All of this is not surprising, though still a little disappointing, for a show that began with an interest in social change. Downton was originally conceived as a three-season show, opening in 1912 at the height of the aristocracy’s pomp and ending in 1925 with its inevitable decline. In its first three seasons the show had plenty of politics to go along with its scandal: Lady Sybil, who dabbles in the suffrage and worker’s rights movements before running off with the chauffeur; Tom Branson, that chauffeur, who fights for Ireland’s independence; Matthew Crawley and Thomas the footman, who meet at the Somme where death is distributed regardless of rank.

But Downton became a victim of its own success. Nominated for 27 Emmys in total, it became the most popular and critically successful British import to American television in history, a crossover hit that appealed not just to Masterpiece Theater diehards but the American public at large.

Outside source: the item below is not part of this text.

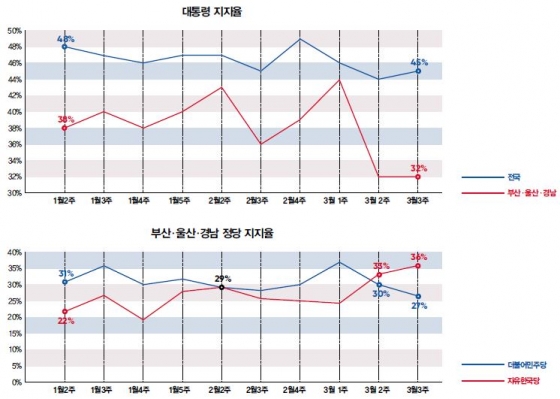 ´õºÒ¾î¹ÎÁÖ´çÀÌ ºÎ»êÀ¸·Î ´Þ·Á°¬´Ù. ¹ÎÁÖ´çÀº Áö³´Þ 13ÀÏ ¿¹»êÁ¤Ã¥ÇùÀÇȸ¸¦ ºÎ»ê¿¡¼ ¿¾ú´Ù. ¹ÎÁÖ´çÀº ¿ÃÇØ µÎ ¹øÀ̳ª PK¸¦ ã¾Ò´Ù. ¹®ÀçÀÎ ´ëÅë·Éµµ Áö³ 2¿ù ºÎ»êÀ» ¹æ¹®, ¡®ºÎ»ê ´ë°³Á¶ ÇÁ·ÎÁ§Æ®¡¯¿¡ ´ëÇÑ Áö¿øÀ» ¾à¼ÓÇÑ ¹Ù ÀÖ´Ù. À̵éÀÌ PK·Î °£ °ÍÀº Èçµé¸®´Â ¹Î½ÉÀ» Àâ±â À§Çؼ´Ù. Çѱ¹°¶·´ÀÌ ¹ßÇ¥ÇÑ Á¤´ç ÁöÁöÀ²¿¡ µû¸£¸é 3¿ù Àü±îÁö PKÁö¿ªÀº ¹ÎÁÖ´çÀÌ ÀÚÀ¯Çѱ¹´çº¸´Ù ³ô¾Ò´Ù. ±×·¯³ª 2¿ù 2ÁÖ¿¡´Â 29%·Î °°Àº ÁöÁöÀ²À» ±â·ÏÇÏ´Ù°¡ 3¿ù 2ÁÖ¿¡´Â Çѱ¹´çÀÌ 33%, ¹ÎÁÖ´çÀÌ 30%·Î ¿ªÀüµÆ´Ù. Áö³´Þ 22ÀÏ ¹ßÇ¥ÇÑ ÀÚ·á¿¡ µû¸£¸é ¹ÎÁÖ´çÀº 27%,Çѱ¹´çÀº 36%·Î ±× °ÝÂ÷´Â ´õ¿í ¹ú¾îÁ³´Ù. 20´ë ÃѼ± ºÎ¡¤¿ï¡¤°æ(ºÎ»ê¡¤¿ï»ê¡¤°æ³²)¿¡¼ ¹ÎÁÖ´ç ÀÇ¿ø 12¸íÀ», Áö³ÇØ Áö¹æ¼±°Å¿¡¼ ¿À°Åµ· ºÎ»ê½ÃÀå, ¼Ûöȣ ¿ï»ê½ÃÀå, ±è°æ¼ö °æ³²µµÁö»ç¸¦ ¹èÃâÇÑ °ÍÀ» ¶°¿Ã¸®¸é ¹Î½ÉÀÇ º¯È´Â ±Ø¸íÇÏ´Ù. ƯÈ÷ ´ëÅë·É ÁöÁöÀ² ÀÌÅ»À» ÀÏÄ´ ÀÌ¡¤¿µ¡¤ÀÚ(20´ë¡¤¿µ³²¡¤ÀÚ¿µ¾÷ÀÚ)¿¡µµ ¡®¿µ³²¡¯ÀÌ ¼ÓÇØ ÀÖ´Ù. Çѱ¹°¶·´ ´ëÅë·É ÁöÁöµµ¿¡ µû¸£¸é Àü±¹ ÁöÁöÀ²Àº 40%¸¦ ¿ôµµ´Â ¹Ý¸é PK´Â 30%´ë´Ù. ƯÈ÷ 3¿ù 3ÁÖ ±âÁØ, ´ëÅë·É ºÎÁ¤Æò°¡°¡ 62%¸¦ ±â·ÏÇß´Ù. ÀÌ´Â Àü±¹ ÃÖ°í ±â·ÏÀÌ´Ù. ¿©´ç¿¡°Ôµµ, ¾ß´ç¿¡°Ôµµ Áß¿äÇÑ Áö¿ªÀÎ PKÁö¿ªÀº ´ÙÀ½ ÃѼ±¿¡¼ ´©±¸ÀÇ ¼ÕÀ» µé¾îÁÙ±î.

It couldn’t just end after three seasons, though two of its main actors, Dan Stevens (Matthew) and Jessica Brown Findlay (Sybil), left to pursue their careers elsewhere. Downton never quite recovered. It became a much more provincial show, slower, less attuned to the historical currents around it, focused on relationships between characters who often felt like they were in search of a plot to sustain them. In a way, this made Downton feel much more like life, one in which characters’ deaths lingered and drama became more minor. The show’s pleasure came less from its story and more from its presence, a tableau of sighing silk gowns and airy drawing rooms. The crossover hit retreated back into its shell, a mainstay only for anglophiles and period drama enthusiasts.

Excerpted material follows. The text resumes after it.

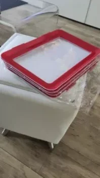 Our trays are made of polypropylene plastic, with the wrap being advanced elastic film. All trays are white with a red border frame for the film cover. Each tray measures 9 x 12 x 1.14 inches (L x W x H).
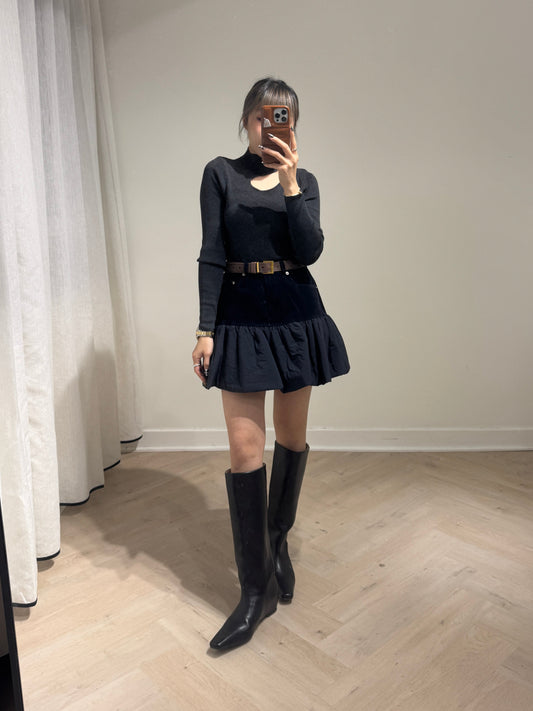 麂料併太空棉傘形短裙 ( 深藍/墨綠 )

When the show hit peak popularity in its second season, many critics speculated that its appeal lay partly in Americans’ endless fascination with the British class system. But in rewriting Britain’s vicious class divisions into a fairytale of luxury and noblesse oblige, the show became a missed opportunity. In its very first scene, back in 2011, the housemaids are woken up at six in the morning to open the house before the masters get up. “Just once in my life, I’d like to sleep until I woke up natural,” Anna, the head housemaid, says. That’s as deep as we get in interrogating Edwardian Britain’s largest industry, in which maids carried three tons of water a week, footmen were often stripped of their identities and assigned generic names like William or James, and masters dined on nine-course meals that cost up to six times a housemaid’s annual pay. None of that appears in Downton, where Anna gives birth in Lady Mary’s bed and even Thomas, so long the villain, is given a happy ending as butler.

Still, over the years, Downton has given us some unforgettable moments, especially those delivered by Maggie Smith’s Dowager Countess, who must be at least 100 years old by show’s end. After all, what is a weekend?